The failure would occur during "background recovery":

#5  0x00005640dd514e7d in fil_invalid_page_access_msg (name=<optimized out>,

    offset=offset@entry=2359296, len=len@entry=65536, is_read=<optimized out>)

    at /data/Server/bb-10.6-MDEV-29835extra/storage/innobase/fil/fil0fil.cc:2639

#6  0x00005640dd5287e6 in fil_space_t::io (this=this@entry=0x6120000034c0,

          type=@0x7ffc0c342410: {bpage = 0x45cb7349a870, slot = 0x631000028820, node = 0x0, type = IORequest::WRITE_LRU}, offset=2359296, len=<optimized out>,

    buf=buf@entry=0x6f6f7afb0000, bpage=bpage@entry=0x45cb7349a870)
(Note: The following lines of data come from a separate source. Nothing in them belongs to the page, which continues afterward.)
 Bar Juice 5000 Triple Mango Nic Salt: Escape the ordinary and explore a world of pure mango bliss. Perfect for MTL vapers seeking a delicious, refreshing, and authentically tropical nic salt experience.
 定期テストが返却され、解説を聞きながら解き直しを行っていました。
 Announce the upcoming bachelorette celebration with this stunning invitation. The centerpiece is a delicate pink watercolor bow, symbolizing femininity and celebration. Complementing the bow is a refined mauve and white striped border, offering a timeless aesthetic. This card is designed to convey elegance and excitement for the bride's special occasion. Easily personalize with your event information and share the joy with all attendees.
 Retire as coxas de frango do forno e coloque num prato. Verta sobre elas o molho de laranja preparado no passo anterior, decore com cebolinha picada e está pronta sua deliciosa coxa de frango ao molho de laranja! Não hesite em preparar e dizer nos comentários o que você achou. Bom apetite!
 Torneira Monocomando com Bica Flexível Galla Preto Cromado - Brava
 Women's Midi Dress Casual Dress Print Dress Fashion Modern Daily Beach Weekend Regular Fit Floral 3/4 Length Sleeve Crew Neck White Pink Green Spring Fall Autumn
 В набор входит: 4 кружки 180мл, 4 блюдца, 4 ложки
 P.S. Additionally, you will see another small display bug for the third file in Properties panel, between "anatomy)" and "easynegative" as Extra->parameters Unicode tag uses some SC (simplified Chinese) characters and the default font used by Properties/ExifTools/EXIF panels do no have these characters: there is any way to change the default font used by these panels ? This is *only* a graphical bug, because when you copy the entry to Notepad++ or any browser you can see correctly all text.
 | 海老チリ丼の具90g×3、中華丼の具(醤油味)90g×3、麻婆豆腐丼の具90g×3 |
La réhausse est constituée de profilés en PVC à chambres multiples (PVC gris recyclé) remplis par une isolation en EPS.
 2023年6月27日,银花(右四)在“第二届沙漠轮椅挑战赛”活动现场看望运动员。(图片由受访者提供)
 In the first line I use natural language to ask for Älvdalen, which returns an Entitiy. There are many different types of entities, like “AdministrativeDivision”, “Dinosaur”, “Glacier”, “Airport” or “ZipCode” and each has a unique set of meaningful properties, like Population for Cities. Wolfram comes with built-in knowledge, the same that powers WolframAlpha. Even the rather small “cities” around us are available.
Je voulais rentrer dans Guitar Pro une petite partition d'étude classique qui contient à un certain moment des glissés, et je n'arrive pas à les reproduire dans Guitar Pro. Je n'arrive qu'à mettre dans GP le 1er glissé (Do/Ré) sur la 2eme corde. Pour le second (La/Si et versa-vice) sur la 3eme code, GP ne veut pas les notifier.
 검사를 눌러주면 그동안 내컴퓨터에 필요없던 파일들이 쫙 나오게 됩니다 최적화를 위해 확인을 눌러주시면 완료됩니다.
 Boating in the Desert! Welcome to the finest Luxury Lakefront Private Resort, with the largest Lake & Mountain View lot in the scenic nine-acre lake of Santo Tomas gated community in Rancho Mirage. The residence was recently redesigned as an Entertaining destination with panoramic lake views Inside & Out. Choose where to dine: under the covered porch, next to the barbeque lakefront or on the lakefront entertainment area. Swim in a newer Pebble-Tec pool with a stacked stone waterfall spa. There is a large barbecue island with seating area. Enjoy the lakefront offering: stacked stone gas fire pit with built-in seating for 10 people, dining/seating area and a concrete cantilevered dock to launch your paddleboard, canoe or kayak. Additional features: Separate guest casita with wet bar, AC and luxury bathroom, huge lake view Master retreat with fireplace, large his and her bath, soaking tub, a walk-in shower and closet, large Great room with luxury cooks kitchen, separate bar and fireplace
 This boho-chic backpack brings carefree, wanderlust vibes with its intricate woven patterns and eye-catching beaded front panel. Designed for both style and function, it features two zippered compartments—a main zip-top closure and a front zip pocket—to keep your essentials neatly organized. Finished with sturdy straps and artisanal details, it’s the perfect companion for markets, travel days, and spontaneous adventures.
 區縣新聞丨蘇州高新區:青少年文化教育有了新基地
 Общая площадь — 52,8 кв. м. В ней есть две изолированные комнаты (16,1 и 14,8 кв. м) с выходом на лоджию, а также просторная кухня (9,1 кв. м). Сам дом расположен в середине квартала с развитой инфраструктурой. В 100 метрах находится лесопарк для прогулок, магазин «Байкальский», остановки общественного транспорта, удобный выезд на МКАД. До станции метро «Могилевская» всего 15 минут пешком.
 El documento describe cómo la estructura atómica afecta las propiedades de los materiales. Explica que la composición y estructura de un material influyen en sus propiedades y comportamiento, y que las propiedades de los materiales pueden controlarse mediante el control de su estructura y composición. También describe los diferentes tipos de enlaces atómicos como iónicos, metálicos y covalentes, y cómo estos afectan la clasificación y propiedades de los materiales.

    at /data/Server/bb-10.6-MDEV-29835extra/storage/innobase/fil/fil0fil.cc:2715

#7  0x00005640dd41fdf2 in buf_page_t::flush (this=this@entry=0x45cb7349a870,

    lru=lru@entry=true, space=space@entry=0x6120000034c0)

    at /data/Server/bb-10.6-MDEV-29835extra/storage/innobase/buf/buf0flu.cc:900

#8  0x00005640dd4152a1 in buf_flush_LRU_list_batch (max=max@entry=32,

    n=n@entry=0x7ffc0c342600)

    at /data/Server/bb-10.6-MDEV-29835extra/storage/innobase/buf/buf0flu.cc:1299

#9  0x00005640dd416295 in buf_do_LRU_batch (max=max@entry=32)

    at /data/Server/bb-10.6-MDEV-29835extra/storage/innobase/buf/buf0flu.cc:1337

#10 0x00005640dd416590 in buf_flush_LRU (max_n=32)

    at /data/Server/bb-10.6-MDEV-29835extra/storage/innobase/buf/buf0flu.cc:1678

#11 0x00005640dd42f58d in buf_LRU_get_free_block (

    have_mutex=have_mutex@entry=false)

    at /data/Server/bb-10.6-MDEV-29835extra/storage/innobase/buf/buf0lru.cc:488

#12 0x00005640dcf678d0 in recv_sys_t::recover_low (

    this=0x5640dec48760 <recv_sys>, page_id=<optimized out>)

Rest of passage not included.